On notera que, conformément aux remarques formulées au paragraphe 1.2 du présent chapitre, le modèle proposé n’intègre pas l’effet de « pincement » des boucles d’hystérésis retrouvé expérimentalement et lié aux phénomènes de reprise de raideur à la refermeture des fissures dans le béton et de glissement acier-béton dans la zone de la fissure.

3.2.5 Considérations sur le sens physique des paramètres et des variables internes, et la

restauration de rigidité à l’inversion de signe du moment

Revenons sur le sens physique des différents paramètres du modèle :

- Le seuil d’endommagement 𝜃𝑑 correspond au début de la fissuration en flexion de la section de béton armé, c’est-à-dire à la rotation nécessaire pour atteindre la limite en traction du béton sur un des parements supérieur ou inférieur. Or si le ferraillage de l’élément de structure n’est pas identique sur les deux faces, ce qui est courant, ou que l’effort normal est non nul, la fibre neutre n’est pas au centre de la section et cette valeur diffère donc suivant si l’on regarde la face supérieure (tendue en flexion négative) ou la face inférieure (tendue en flexion positive).

- Les seuils de plasticité 𝑀𝑦 dépendent également du ferraillage présent sur chaque face, et ne sont donc pas identiques en réalité suivant si la flexion est positive (aciers inférieurs atteignant leur limite élastique) ou si la flexion est négative (aciers supérieurs atteignant leur limite élastique)

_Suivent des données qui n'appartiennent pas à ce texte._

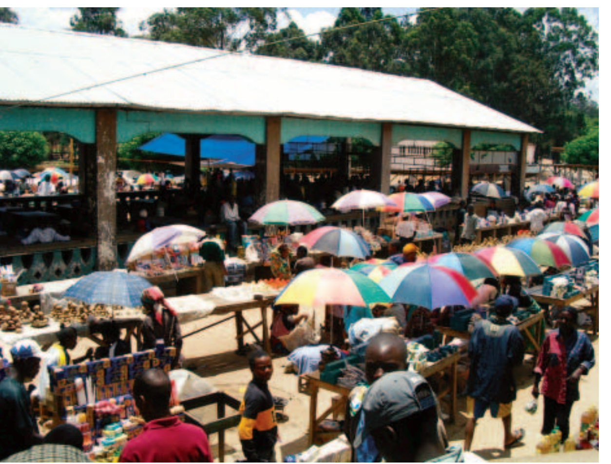
All over the developing world, markets like this one in Huambo, Angola, are hives of entrepreneurial activity. With the right forms of support, they have the potential to make major contributions to faster economic growth.

More broadly, UNDP has long been a strong supporter of making the links between poverty reduction and a flourish-

- De même que les seuils, la variable d’endommagement 𝐷 représente l’initiation d’une fissuration à partir de l’une ou l’autre face suivant le signe du moment. Or ces fissures ont une existence indépendante, du moins tant que la section n’est pas entièrement fissurée : l’ouverture d’une fissure en face inférieure en flexion positive par exemple n’implique en aucun cas l’ouverture d’une fissure identique sur l’autre face. Si le moment de flexion change de signe, la fissure ouverte en face inférieure se refermera et la section devrait retrouver sa rigidité, la zone précédemment fissurée en face inférieure étant cette fois sollicitée en compression.

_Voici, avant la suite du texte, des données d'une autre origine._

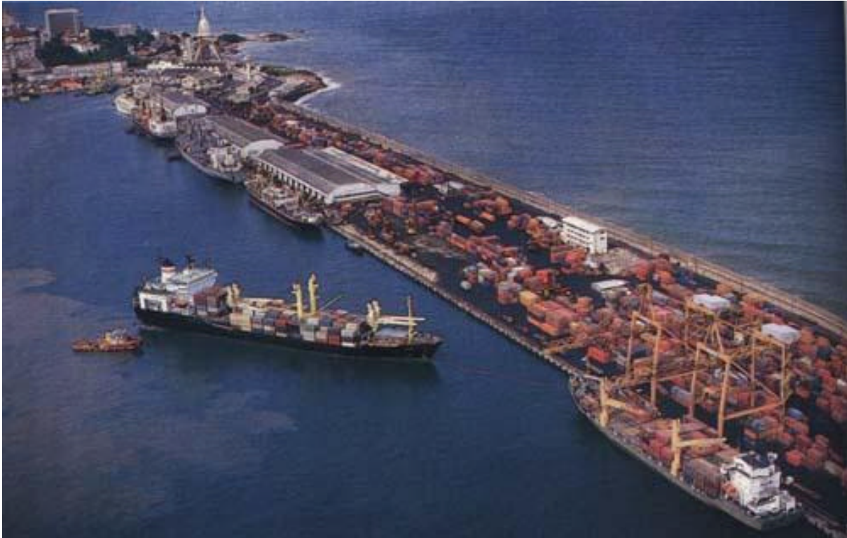
PORT OF COLOMBO – QCT THE BIRTHPLACE OF CONTAINERIZATION

Figure 2.33 – Schéma montrant l’ouverture d’une fissure en flexion positive dans le plancher (à gauche) puis sa refermeture et l’ouverture d’une seconde fissure en flexion négative (à droite)

Il paraît donc indispensable d’avoir des paramètres différents définissant les seuils d’endommagement et de plasticité dans le cas de la flexion positive ou négative. Il paraît également nécessaire d’avoir deux variables d’endommagement distinctes, l’une représentant la fissuration à partir de la face inférieure en flexion positive, n’affectant pas la rigidité lorsque la flexion sera négative, et l’autre à partir de la face supérieure en flexion négative, n’affectant pas la rigidité lorsque la flexion sera positive. Ainsi la restauration de rigidité souhaitable au changement de signe du moment sera naturellement assurée.

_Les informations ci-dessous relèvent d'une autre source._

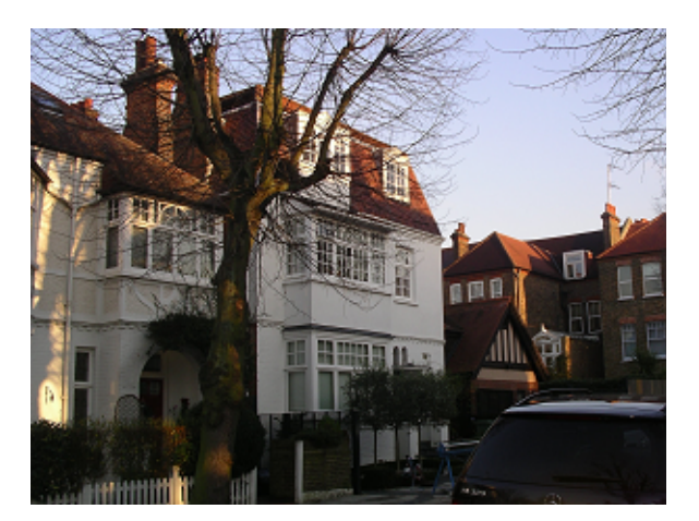
View Southeast from Clorane Gardens

On reprendra donc le modèle proposé ci-dessus au paragraphe suivant en intégrant cette fois-ci à la fois des paramètres et des variables internes ainsi qu’une expression des fonctions seuil différentes selon le signe du moment de flexion.

Remarque : Bien que l’application en soit ici différente, puisqu’il s’agit d’un macro-modèle en flexion à 1DDL et non d’une loi de comportement de matériau, les variables d’endommagement et lois d’évolutions retenues s’inspirent des propositions de (Mazars, et al., 2014).